Foto: Vera Marmelo
O músico está de regresso com dois discos que arriscam o absolutismo da rendição e do nosso espanto. Bruno Pernadas encarece a posição POP sobre o jazz, parte desse relato para algo completamente isolado e novo. Conta ao mundo uma nova história numa só certeza profunda de que, aqui, há um letreiro onde se inscrevem as seguintes palavras: isto é mesmo para sempre.
Se em 2014 respondemos em Portugal como um dos anos mais complexos e esgotantes na ideia de nacionalidade e todos os seus derivados, quer em matérias sociais, quer económicas; também sobre esse mesmo ano poderíamos dar voz à dor da gente com um disco de um, então, aparentemente desconhecido que, aí, dava cara, nome e músculo orquestral a uma das maiores viagens do seu tempo. Bruno Pernadas assinava How Can We Be Joyful In A World Full Of Knowledge e patrocinava-nos, num aparente desprendimento, o lugar do espaço todo com canções que nos encaminhavam tanto para uma descarada subjetividade literária, quanto para complexas e emaranhadas canções, em matéria de composição falando.

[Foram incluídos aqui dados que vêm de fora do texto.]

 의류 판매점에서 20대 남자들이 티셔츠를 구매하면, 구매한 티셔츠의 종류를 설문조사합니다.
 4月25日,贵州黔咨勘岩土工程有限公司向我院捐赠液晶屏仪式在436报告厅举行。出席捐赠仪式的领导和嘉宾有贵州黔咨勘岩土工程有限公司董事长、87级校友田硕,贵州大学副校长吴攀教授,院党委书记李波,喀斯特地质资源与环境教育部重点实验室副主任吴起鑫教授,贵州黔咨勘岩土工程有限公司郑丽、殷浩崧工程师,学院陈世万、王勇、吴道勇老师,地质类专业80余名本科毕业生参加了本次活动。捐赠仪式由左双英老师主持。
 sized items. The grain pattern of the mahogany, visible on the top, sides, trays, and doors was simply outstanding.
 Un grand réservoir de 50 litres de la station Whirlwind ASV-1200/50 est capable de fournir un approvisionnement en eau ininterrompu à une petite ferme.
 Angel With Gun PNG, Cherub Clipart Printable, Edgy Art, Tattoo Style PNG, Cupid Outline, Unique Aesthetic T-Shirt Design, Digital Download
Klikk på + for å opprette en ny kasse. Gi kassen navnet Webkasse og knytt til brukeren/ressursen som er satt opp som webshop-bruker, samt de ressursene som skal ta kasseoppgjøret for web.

O desafio para os mais ambiciosos seria a transposição disso em realidade concreta de palco, ao vivo, e aconteceu por vezes quase contadas pelas mãos. O carácter de superbanda e dessa hipérbole de sentir traria um quase encriptamento dentro do já concreto mundo de Pernadas. Para os mais cépticos também a superação desse primeiro grande disco passaria, necessariamente, pelo processo tremendamente decisor na longevidade que seria a replicação ou o pós-primeiro disco, estaria nessa sucessão a resposta de um génio ao seu tempo, à sua geração, à capacidade de dar ao mundo algo completamente novo.
Those Who Throw Objects At Crocodiles Will Be Asked To Retrieve Them, a nova proposta editorial de Pernadas, e precisamente dois anos depois da estreia, não vem sozinha, traz consigo ainda outro disco – Worst Summer Ever – a que já nos faltariam mãos para aqui tratá-lo com fulgor.

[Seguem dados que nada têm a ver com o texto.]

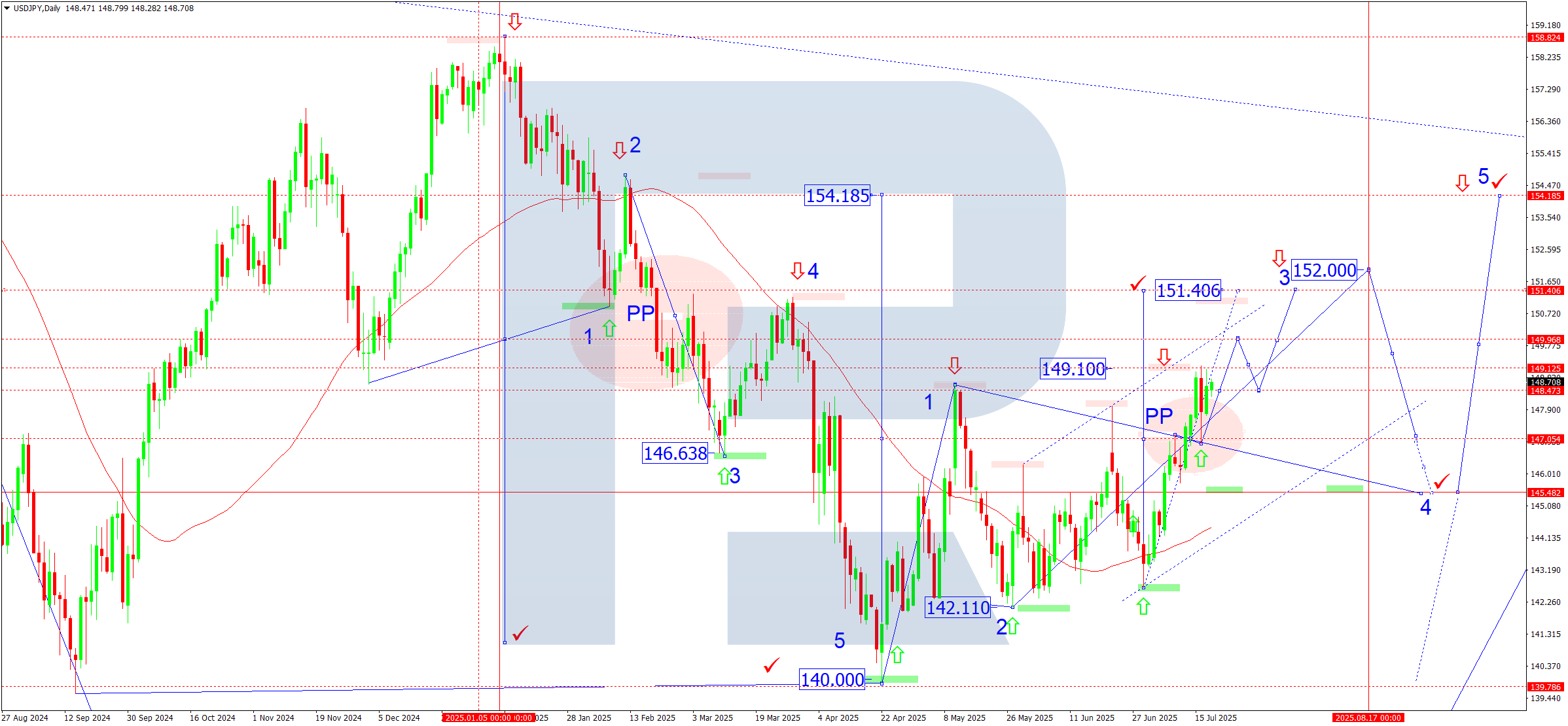 The USDJPY pair remains sensitive to US Treasury yields and Federal Reserve policy. The bullish momentum continues but approaches a critical 151.40-152.00 zone, where a reversal may occur. Fundamentals still favour the USD.
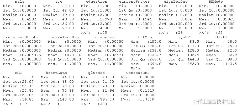 这4240条记录中有3658条是完整的病例,其余的有一些缺失值。

Dirigido o foco para as novas dez canções, duas delas breviários poéticos militantes do surrealismo, Pernadas atira a guitarra para um filamento menos espacial, segue a batuta aqui e acolá encarnada por uma espécie de assinatura assumidamente estilizada do seu sujeito musical. Bruno entra em devido reptilário para mostrar que, do jazz, faz debochar um maravilhoso discurso POP que, ainda que não encontre tanto FM quanto mereça, tantos plays quanto de fulgor nos apresenta, é um disco esculpido à revolução criativa que pisca olhos ao desassossego, à surpresa, à felicidade de ver acontecer música assim neste país.
Continua acompanhado Bruno Pernadas, com ele uma orquestra que desbrava territórios da cabeça de um homem só. Com ele, também, a desmultiplicação dos seus vários pontos narrativos, as atmosferas televisivas dos anos 70, a folk, age e as gravidades rock propostas em canções que crescem sem parar, avançam e pulam distintamente entre si, samplam-se numa órbita de aparente caos poético; revelações extraordinariamente belas para conseguir fixar com precisão e suficiente pulmão literário o que, na volta, serão elas mesmas capazes de fazer por nós. Infinito jogo de resultado pré-fixado.
Those Who Throw Objects At Crocodiles Will Be Asked encontra relevo numa superfície criativa entusiasmante, perpassa essa ligação entre as fronteiras escrita-reunião-gravação-finalização. O ato de constituição deste trabalho discográfico é, em si, uma valente história de amor, tem a épica nas personagens e histórias expostas, a sorte de um acaso que é existirem canções assim. Música assim. Felicidade assim.
Bruno Pernadas apresenta ao vivo, esta terça-feira (13 de Setembro), no Teatro Maria Matos o seu primeiro disco. Uma semana depois, 20 Setembro, o seu segundo ato discográfico. Sete dias separam duas dezenas de canções que vão contar o que de mais entusiasmante há para saber em 2016.
Tiago Ribeiro
–
* Tradutor desencorajado, descrente no sistema solar e amante de picanha mal passada, Tiago Ribeiro circula com cartão-de-cidadão caducado e não acredita em nada do que não vê. Escreve invertebradamente e pensa com regularidade sobre coisa nenhuma. Na Antena3 desde 2015 e no mundo desde que se inventou o Holoceno.